■ Required work ■
Where does the word "with" show up in the data? Please find each such line and copy it.

■ Data for this exercise ■
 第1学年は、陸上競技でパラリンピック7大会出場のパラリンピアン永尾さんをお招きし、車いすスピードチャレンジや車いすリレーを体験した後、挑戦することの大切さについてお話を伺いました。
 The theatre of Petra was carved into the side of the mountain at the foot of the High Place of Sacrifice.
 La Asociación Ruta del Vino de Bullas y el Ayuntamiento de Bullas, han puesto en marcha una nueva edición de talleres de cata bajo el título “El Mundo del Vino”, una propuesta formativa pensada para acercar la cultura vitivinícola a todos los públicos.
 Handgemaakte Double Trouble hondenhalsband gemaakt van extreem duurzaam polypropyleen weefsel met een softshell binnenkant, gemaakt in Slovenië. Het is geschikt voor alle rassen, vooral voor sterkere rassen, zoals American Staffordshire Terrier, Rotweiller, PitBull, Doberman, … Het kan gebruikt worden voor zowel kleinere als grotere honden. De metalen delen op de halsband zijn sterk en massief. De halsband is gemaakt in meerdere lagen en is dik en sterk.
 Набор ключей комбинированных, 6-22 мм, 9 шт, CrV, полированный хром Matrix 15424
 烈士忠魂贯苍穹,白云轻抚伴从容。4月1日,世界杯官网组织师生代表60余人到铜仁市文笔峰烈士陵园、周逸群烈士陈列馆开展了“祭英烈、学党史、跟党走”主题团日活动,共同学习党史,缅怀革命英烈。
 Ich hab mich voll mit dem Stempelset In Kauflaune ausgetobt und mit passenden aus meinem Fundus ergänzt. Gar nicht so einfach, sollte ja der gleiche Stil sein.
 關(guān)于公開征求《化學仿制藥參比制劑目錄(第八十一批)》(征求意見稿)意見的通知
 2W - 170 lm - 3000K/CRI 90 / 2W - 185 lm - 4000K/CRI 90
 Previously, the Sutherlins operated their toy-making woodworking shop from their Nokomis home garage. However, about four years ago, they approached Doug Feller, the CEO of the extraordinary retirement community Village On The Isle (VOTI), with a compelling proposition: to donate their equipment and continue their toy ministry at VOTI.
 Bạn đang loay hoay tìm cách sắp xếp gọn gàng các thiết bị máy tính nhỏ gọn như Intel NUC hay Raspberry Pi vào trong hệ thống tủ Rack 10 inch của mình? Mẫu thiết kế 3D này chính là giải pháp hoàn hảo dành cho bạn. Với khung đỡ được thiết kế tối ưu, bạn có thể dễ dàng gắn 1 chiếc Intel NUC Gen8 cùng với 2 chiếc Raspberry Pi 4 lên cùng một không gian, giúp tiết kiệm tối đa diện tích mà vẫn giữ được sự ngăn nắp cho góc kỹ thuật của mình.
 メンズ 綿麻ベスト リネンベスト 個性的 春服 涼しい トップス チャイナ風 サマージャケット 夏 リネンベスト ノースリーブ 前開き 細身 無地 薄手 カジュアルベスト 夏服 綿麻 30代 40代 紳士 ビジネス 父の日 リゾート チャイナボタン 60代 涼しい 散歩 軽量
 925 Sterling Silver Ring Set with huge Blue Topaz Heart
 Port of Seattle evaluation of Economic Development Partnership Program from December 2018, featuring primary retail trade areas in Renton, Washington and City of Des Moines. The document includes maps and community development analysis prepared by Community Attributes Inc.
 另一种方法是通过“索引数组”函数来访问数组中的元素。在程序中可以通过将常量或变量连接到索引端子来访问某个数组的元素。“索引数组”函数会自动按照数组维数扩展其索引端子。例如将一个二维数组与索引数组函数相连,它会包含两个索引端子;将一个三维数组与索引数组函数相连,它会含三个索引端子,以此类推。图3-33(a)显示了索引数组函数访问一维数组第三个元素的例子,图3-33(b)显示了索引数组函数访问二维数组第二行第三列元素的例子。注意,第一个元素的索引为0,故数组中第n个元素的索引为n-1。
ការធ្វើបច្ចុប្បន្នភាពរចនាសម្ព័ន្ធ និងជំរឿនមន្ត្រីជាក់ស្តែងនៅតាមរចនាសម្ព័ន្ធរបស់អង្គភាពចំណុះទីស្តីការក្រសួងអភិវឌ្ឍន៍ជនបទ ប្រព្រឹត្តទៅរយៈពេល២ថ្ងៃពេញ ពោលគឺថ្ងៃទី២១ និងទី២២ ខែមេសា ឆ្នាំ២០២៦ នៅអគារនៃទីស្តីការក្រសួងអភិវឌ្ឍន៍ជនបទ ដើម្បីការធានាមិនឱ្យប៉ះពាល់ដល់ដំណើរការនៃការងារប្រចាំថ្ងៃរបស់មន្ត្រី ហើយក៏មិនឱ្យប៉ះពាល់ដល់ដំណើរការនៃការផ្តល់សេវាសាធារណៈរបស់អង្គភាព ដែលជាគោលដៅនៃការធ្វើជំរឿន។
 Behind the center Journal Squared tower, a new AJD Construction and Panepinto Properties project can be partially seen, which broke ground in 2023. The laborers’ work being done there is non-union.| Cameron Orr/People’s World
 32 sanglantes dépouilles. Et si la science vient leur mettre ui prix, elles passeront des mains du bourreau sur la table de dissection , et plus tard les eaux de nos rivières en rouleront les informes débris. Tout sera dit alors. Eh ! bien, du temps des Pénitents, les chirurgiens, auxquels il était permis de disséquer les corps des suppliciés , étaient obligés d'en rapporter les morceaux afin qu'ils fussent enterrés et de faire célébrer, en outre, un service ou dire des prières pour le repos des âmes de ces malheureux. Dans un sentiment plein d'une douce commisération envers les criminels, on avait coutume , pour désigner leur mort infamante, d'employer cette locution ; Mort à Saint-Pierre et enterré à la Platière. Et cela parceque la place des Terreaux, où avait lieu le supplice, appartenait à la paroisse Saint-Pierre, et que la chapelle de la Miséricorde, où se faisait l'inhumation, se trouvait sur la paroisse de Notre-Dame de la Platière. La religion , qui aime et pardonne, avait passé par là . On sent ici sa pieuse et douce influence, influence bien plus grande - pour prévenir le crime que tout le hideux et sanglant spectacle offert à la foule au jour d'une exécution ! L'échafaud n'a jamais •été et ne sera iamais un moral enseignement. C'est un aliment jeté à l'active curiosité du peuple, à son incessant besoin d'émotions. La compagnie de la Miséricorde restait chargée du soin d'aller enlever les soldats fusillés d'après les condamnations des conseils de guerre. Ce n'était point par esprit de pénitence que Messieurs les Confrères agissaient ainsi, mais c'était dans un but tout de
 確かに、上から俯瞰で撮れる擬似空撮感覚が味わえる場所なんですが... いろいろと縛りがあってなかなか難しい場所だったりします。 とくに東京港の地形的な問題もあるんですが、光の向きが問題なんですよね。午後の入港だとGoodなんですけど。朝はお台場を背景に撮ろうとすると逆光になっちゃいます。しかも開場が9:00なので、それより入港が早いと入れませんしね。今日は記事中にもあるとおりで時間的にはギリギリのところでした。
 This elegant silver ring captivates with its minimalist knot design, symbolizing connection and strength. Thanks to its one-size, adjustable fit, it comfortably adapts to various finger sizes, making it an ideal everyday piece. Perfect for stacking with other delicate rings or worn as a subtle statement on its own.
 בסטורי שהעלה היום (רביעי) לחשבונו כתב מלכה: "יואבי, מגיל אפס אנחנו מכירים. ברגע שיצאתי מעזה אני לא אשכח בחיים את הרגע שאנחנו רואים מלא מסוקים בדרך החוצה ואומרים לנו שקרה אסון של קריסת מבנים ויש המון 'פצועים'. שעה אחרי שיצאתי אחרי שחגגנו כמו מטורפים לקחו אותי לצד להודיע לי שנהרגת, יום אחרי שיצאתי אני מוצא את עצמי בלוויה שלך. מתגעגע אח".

■ Response to this task ■
 Previously, the Sutherlins operated their toy-making woodworking shop from their Nokomis home garage. However, about four years ago, they approached Doug Feller, the CEO of the extraordinary retirement community Village On The Isle (VOTI), with a compelling proposition: to donate their equipment and continue their toy ministry at VOTI.
 925 Sterling Silver Ring Set with huge Blue Topaz Heart
 This elegant silver ring captivates with its minimalist knot design, symbolizing connection and strength. Thanks to its one-size, adjustable fit, it comfortably adapts to various finger sizes, making it an ideal everyday piece. Perfect for stacking with other delicate rings or worn as a subtle statement on its own.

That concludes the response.